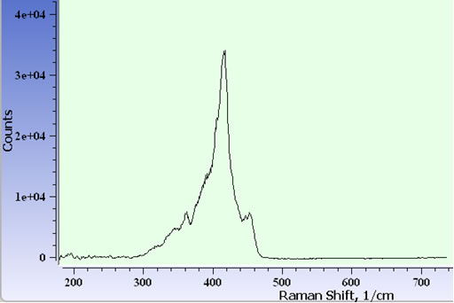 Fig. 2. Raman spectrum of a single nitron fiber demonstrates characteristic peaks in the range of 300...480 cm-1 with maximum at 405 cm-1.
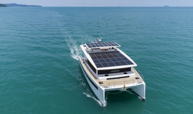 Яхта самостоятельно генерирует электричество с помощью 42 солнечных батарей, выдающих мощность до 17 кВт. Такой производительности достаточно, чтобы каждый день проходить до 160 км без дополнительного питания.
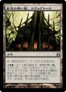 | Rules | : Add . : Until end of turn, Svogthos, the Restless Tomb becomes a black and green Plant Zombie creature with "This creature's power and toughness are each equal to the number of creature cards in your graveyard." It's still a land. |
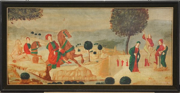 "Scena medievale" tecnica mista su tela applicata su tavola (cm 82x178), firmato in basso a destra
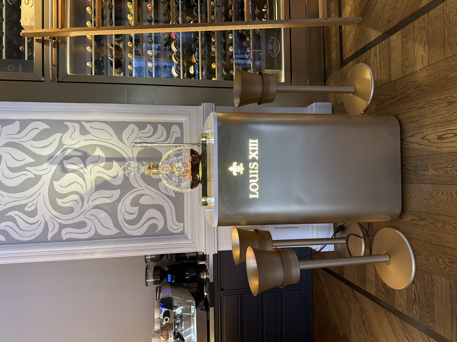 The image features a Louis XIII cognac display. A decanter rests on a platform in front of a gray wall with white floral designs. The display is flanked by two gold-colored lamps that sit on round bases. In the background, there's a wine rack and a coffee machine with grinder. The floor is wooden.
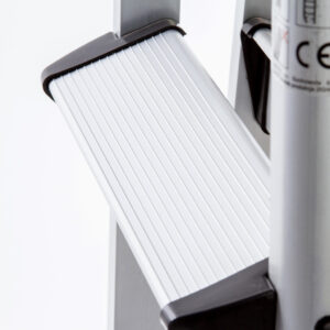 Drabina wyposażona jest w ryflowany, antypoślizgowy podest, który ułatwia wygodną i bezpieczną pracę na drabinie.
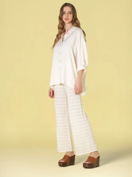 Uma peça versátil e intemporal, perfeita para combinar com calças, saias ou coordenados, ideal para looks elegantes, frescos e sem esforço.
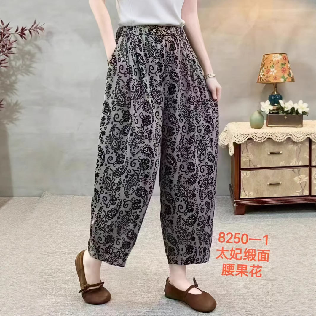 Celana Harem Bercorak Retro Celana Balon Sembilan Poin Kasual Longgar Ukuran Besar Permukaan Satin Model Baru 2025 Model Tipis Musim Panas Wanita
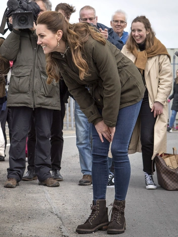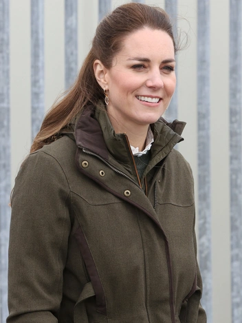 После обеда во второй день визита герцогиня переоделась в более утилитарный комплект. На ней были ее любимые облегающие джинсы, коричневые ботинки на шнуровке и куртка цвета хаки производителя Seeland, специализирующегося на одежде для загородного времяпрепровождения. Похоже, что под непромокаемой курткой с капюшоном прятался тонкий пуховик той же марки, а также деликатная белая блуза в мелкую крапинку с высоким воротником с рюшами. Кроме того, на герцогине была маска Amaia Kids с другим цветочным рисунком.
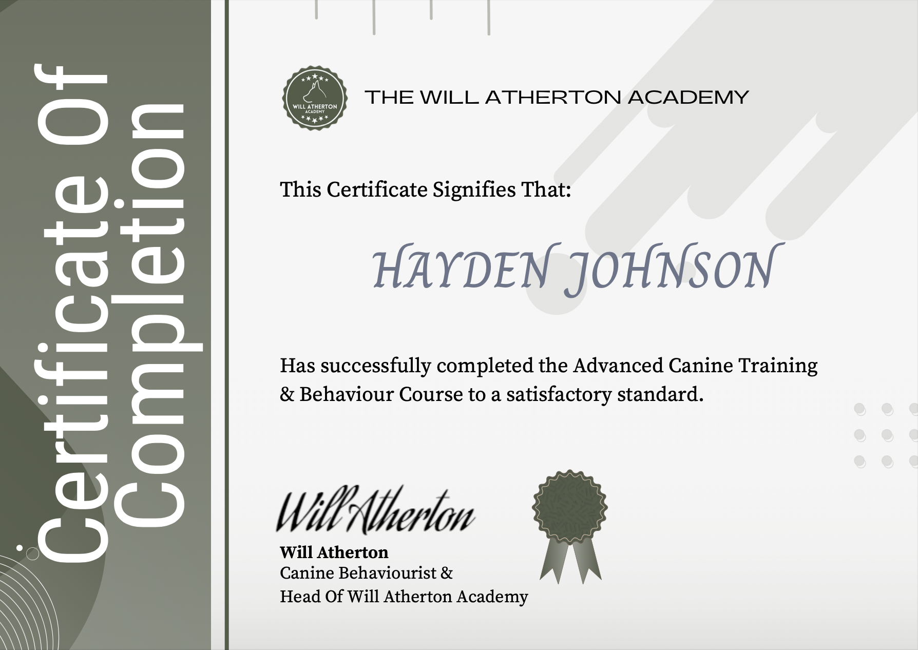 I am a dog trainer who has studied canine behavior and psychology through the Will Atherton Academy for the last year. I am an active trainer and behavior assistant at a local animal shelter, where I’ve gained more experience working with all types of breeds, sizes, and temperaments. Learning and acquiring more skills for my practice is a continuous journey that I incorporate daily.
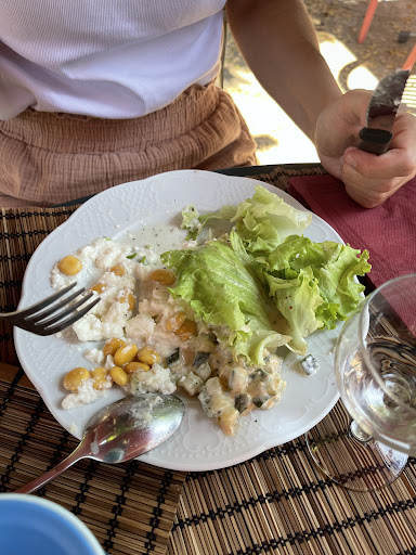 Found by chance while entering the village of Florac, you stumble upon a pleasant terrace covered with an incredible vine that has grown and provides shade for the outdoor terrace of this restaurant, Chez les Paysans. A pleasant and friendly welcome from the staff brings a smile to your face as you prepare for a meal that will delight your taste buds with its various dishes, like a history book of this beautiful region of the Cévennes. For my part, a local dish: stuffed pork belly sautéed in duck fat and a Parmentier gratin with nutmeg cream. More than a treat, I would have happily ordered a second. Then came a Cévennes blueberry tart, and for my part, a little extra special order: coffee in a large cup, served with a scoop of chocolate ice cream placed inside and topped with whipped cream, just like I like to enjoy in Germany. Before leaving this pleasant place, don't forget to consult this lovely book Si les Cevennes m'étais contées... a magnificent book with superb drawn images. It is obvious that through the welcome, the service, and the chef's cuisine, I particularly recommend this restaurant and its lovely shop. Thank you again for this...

WHAT TO DO: Please reproduce the listing exactly from its opening line through the line that contains "Яхта самостоятельно генерирует", both included, with all pictures omitted.

SOLVED EXERCISE:
 Fig. 2. Raman spectrum of a single nitron fiber demonstrates characteristic peaks in the range of 300...480 cm-1 with maximum at 405 cm-1.
 Яхта самостоятельно генерирует электричество с помощью 42 солнечных батарей, выдающих мощность до 17 кВт. Такой производительности достаточно, чтобы каждый день проходить до 160 км без дополнительного питания.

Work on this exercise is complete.